Alfabeta
- Categories: Cultural magazine; Literary magazine;
- Frequency: Monthly
- Publisher: Multhipla; Intrapresa;
- Founder: Nanni Balestrini
- First issue: May 1979
- Final issue: December 1988
- Country: Italy
- Based in: Milan
- Language: Italian
- OCLC: 145380283

= Alfabeta =

Monthly cultural and literary magazine in Italy (1979–1988)

alfabeta was a monthly cultural and literary magazine published between 1979 and 1988 in Milan, Italy. The magazine was the cultural landmark in the country during its existence.

==History and profile==
alfabeta was established in Milan by Nanni Balestrini in May 1979. It was originally published by Multhipla and then Intrapresa.
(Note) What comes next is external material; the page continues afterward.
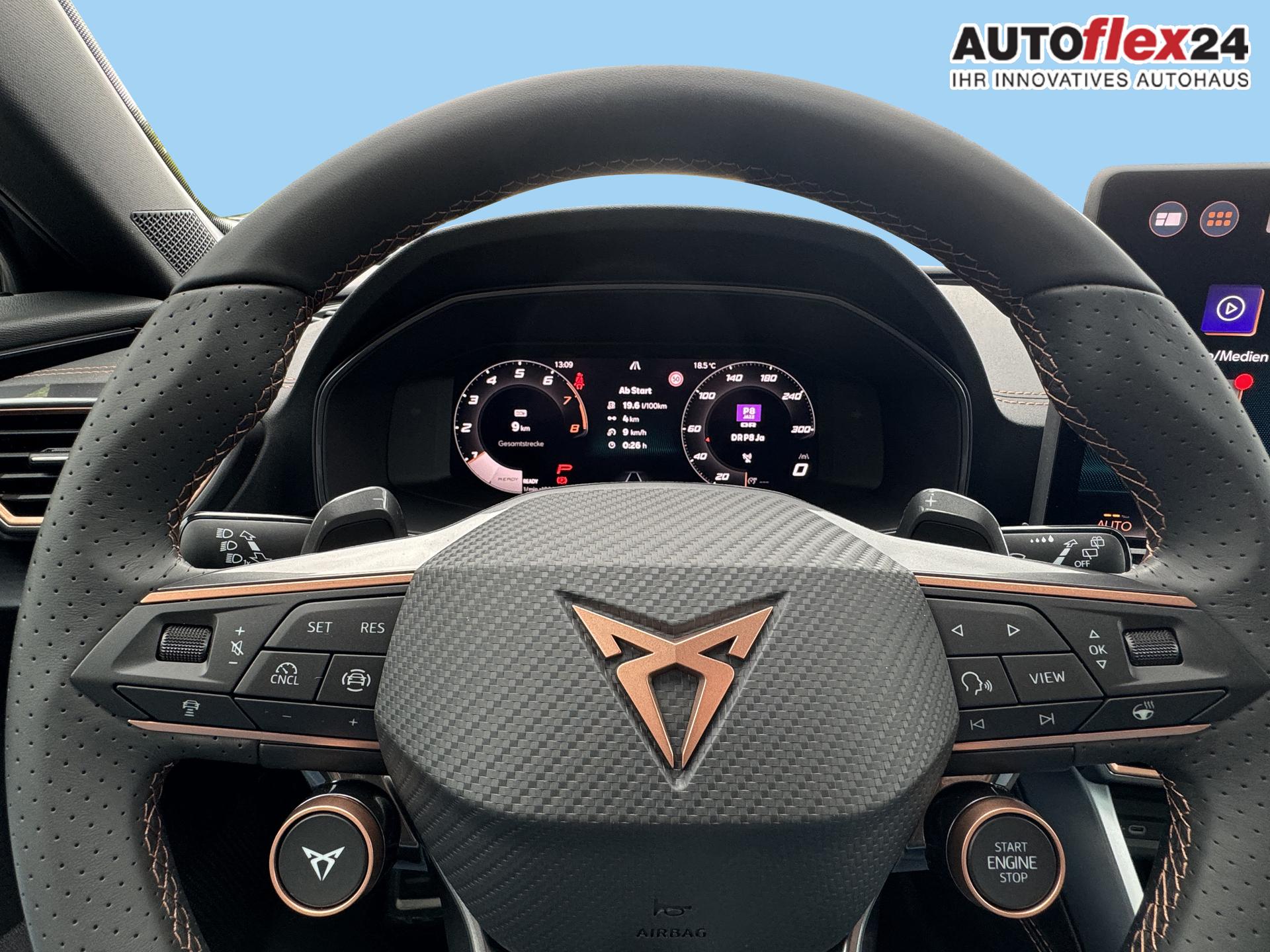 • Multifunktionslederlenkrad, Sportlenkrad, beheizbar, mit Schaltwippen und Cupra Mode Selector vorhanden

The editorial board included Maria Corti, Umberto Eco, Francesco Leonetti, Antonio Porta, Pier Aldo Rovatti and Paolo Volponi.

alfabeta produced in-depth articles about culture, philosophy and politics along with previews and reviews of books, contemporary art exhibitions, theatre shows and cinema. Poet Gian Mario Villalta started his career as a contributor to the magazine in 1986.

alfabeta ceased publication in 1988 and the last issue appeared in December that year. Its successor is alfabeta2, which was launched in 2010.